(REQUIRED WORK): Find how many lines below mention "участок". Nothing but the number is needed.

(SOURCE INFORMATION):
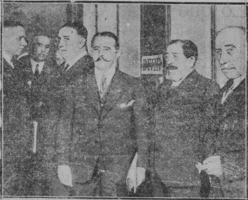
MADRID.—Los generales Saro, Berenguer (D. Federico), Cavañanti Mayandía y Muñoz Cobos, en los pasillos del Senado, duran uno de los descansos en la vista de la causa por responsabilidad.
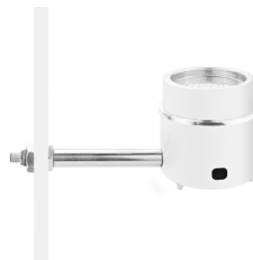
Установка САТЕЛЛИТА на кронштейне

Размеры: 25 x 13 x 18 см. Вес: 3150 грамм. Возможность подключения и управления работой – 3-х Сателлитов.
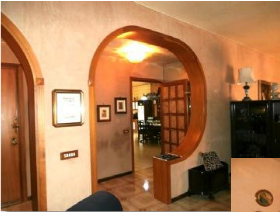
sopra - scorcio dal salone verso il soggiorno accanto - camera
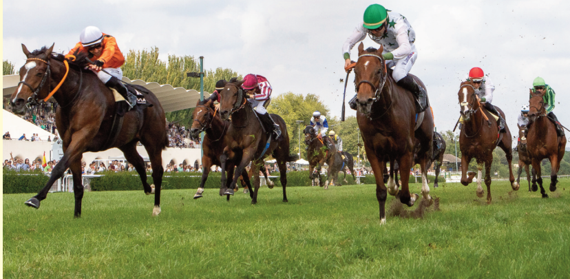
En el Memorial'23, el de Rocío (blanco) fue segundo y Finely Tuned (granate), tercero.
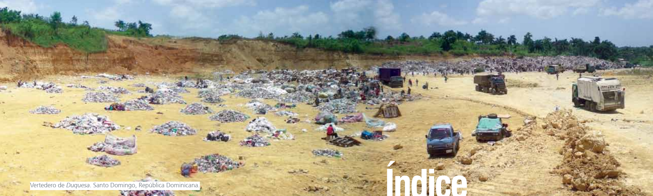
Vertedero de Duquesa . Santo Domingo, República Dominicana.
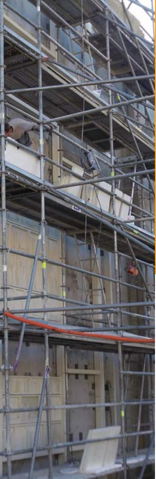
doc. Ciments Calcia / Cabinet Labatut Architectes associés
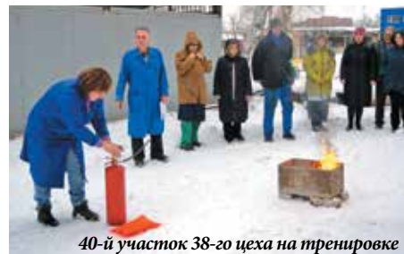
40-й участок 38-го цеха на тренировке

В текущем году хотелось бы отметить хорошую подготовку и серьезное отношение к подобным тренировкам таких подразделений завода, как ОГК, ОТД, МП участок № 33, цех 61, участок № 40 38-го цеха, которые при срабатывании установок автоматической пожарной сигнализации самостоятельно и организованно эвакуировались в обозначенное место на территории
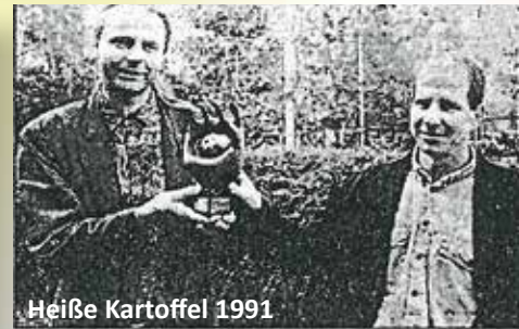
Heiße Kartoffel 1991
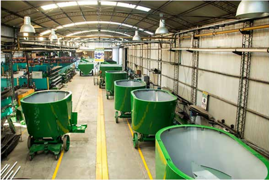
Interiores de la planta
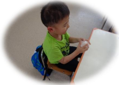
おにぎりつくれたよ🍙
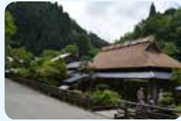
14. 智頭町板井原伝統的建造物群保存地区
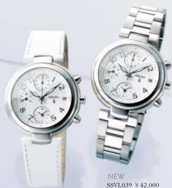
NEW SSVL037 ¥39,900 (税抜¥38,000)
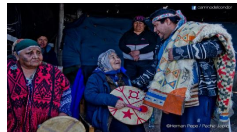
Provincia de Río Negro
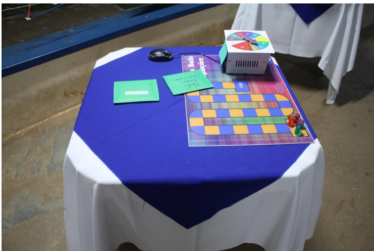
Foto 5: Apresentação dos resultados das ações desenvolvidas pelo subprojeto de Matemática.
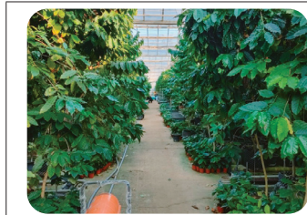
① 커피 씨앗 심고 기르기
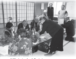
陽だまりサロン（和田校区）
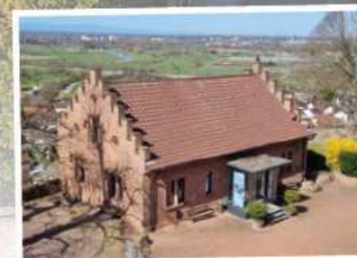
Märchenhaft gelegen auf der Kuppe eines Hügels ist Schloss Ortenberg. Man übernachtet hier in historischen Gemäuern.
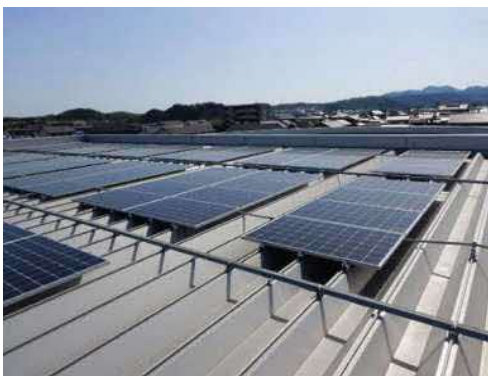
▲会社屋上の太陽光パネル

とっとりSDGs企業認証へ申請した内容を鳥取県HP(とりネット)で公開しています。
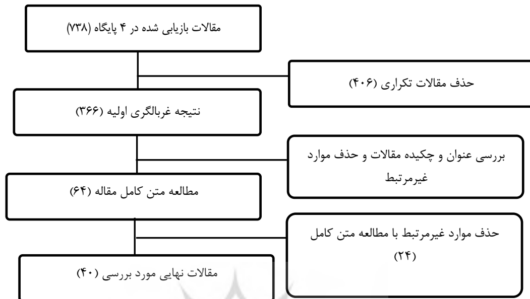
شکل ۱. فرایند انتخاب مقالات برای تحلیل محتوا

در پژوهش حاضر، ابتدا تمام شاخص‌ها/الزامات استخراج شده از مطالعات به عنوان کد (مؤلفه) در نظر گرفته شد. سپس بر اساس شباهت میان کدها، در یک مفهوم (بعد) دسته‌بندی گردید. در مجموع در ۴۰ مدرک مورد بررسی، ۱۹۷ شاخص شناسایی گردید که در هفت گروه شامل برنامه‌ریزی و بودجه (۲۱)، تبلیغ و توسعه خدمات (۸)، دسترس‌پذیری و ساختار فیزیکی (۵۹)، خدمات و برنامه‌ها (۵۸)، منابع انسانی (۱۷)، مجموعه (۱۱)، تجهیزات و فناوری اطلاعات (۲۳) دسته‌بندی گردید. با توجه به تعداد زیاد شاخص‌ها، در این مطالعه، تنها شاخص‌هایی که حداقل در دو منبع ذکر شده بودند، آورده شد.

(PROBLEM SOLUTION): 2